**Problem:** Retype, word for word, the lines from the first line of the entries through the line that holds "瓦城集團今年首度於全品牌門市"; leave out the pictures.

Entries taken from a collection

•••

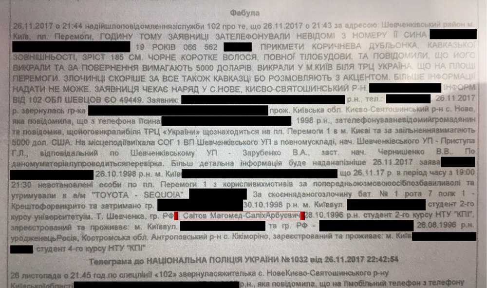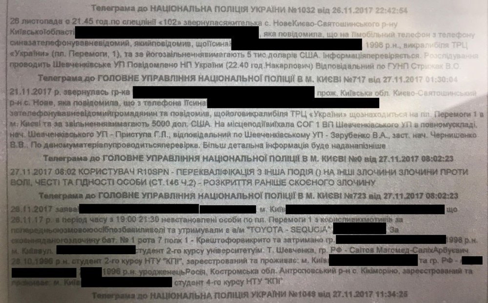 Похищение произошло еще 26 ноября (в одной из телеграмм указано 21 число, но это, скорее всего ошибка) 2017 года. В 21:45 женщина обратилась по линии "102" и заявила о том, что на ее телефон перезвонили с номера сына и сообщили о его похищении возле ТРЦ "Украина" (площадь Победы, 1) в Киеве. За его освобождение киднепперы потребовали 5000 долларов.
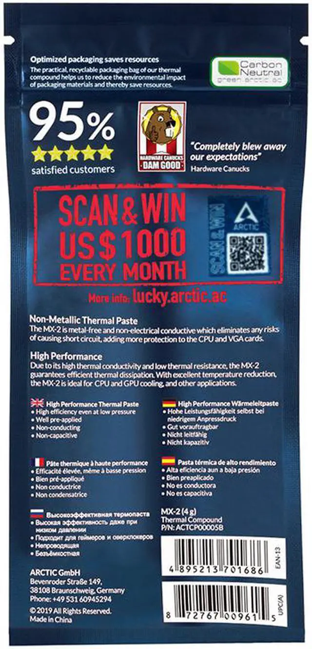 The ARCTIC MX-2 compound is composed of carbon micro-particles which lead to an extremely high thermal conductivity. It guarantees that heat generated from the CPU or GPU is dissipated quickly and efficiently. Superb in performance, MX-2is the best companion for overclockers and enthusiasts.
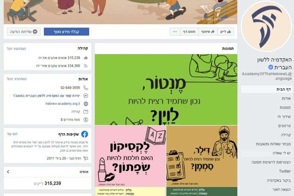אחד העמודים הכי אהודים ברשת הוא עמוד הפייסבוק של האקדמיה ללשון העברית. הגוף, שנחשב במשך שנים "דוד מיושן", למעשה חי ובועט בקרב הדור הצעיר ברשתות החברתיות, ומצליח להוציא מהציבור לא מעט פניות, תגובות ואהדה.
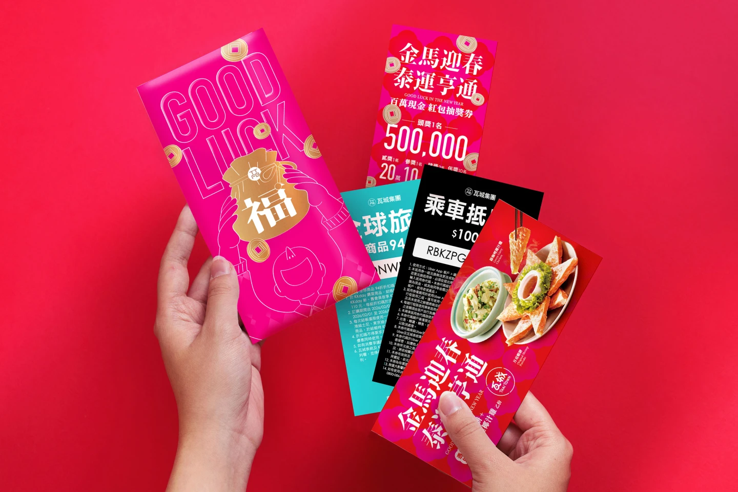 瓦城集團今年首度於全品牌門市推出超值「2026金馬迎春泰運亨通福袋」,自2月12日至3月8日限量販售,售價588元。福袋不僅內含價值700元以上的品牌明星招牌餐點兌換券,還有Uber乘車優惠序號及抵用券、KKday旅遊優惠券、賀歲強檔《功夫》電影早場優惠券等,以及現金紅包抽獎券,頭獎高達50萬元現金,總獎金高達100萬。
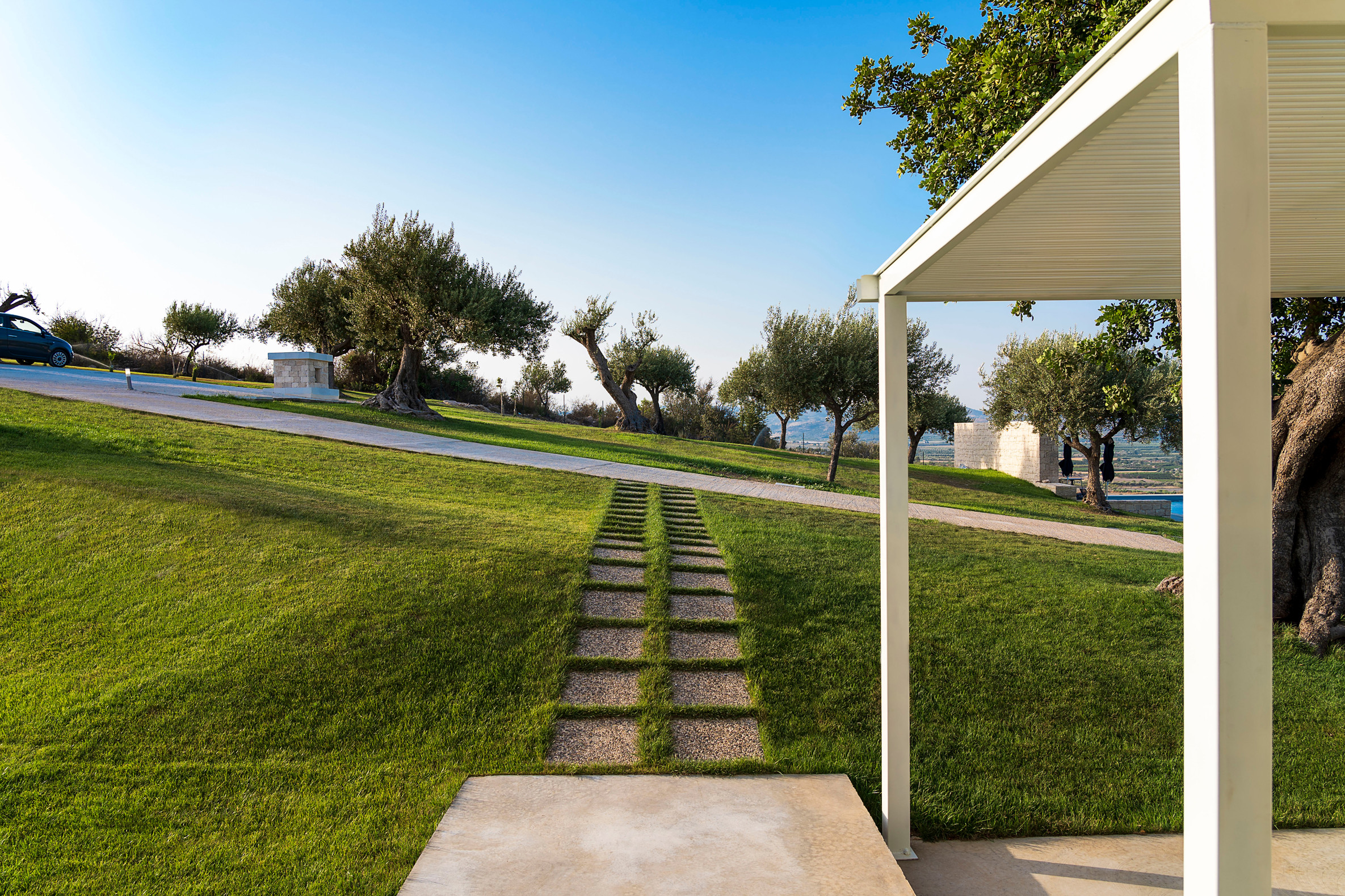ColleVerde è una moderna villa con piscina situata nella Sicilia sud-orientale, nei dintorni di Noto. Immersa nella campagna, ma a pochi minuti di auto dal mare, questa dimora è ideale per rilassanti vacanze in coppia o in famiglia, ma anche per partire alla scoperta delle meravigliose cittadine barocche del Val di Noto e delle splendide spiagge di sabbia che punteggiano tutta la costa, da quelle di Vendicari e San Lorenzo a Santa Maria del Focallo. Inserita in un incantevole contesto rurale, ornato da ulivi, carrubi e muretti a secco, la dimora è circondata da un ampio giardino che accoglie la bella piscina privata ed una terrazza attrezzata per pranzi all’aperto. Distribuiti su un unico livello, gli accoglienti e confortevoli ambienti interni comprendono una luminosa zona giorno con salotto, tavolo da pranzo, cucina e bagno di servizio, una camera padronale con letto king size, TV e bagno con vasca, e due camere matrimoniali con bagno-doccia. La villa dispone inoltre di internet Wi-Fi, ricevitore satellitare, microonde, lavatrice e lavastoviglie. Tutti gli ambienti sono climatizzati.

•••

**Your response:**
 Похищение произошло еще 26 ноября (в одной из телеграмм указано 21 число, но это, скорее всего ошибка) 2017 года. В 21:45 женщина обратилась по линии "102" и заявила о том, что на ее телефон перезвонили с номера сына и сообщили о его похищении возле ТРЦ "Украина" (площадь Победы, 1) в Киеве. За его освобождение киднепперы потребовали 5000 долларов.
 The ARCTIC MX-2 compound is composed of carbon micro-particles which lead to an extremely high thermal conductivity. It guarantees that heat generated from the CPU or GPU is dissipated quickly and efficiently. Superb in performance, MX-2is the best companion for overclockers and enthusiasts.
אחד העמודים הכי אהודים ברשת הוא עמוד הפייסבוק של האקדמיה ללשון העברית. הגוף, שנחשב במשך שנים "דוד מיושן", למעשה חי ובועט בקרב הדור הצעיר ברשתות החברתיות, ומצליח להוציא מהציבור לא מעט פניות, תגובות ואהדה.
 瓦城集團今年首度於全品牌門市推出超值「2026金馬迎春泰運亨通福袋」,自2月12日至3月8日限量販售,售價588元。福袋不僅內含價值700元以上的品牌明星招牌餐點兌換券,還有Uber乘車優惠序號及抵用券、KKday旅遊優惠券、賀歲強檔《功夫》電影早場優惠券等,以及現金紅包抽獎券,頭獎高達50萬元現金,總獎金高達100萬。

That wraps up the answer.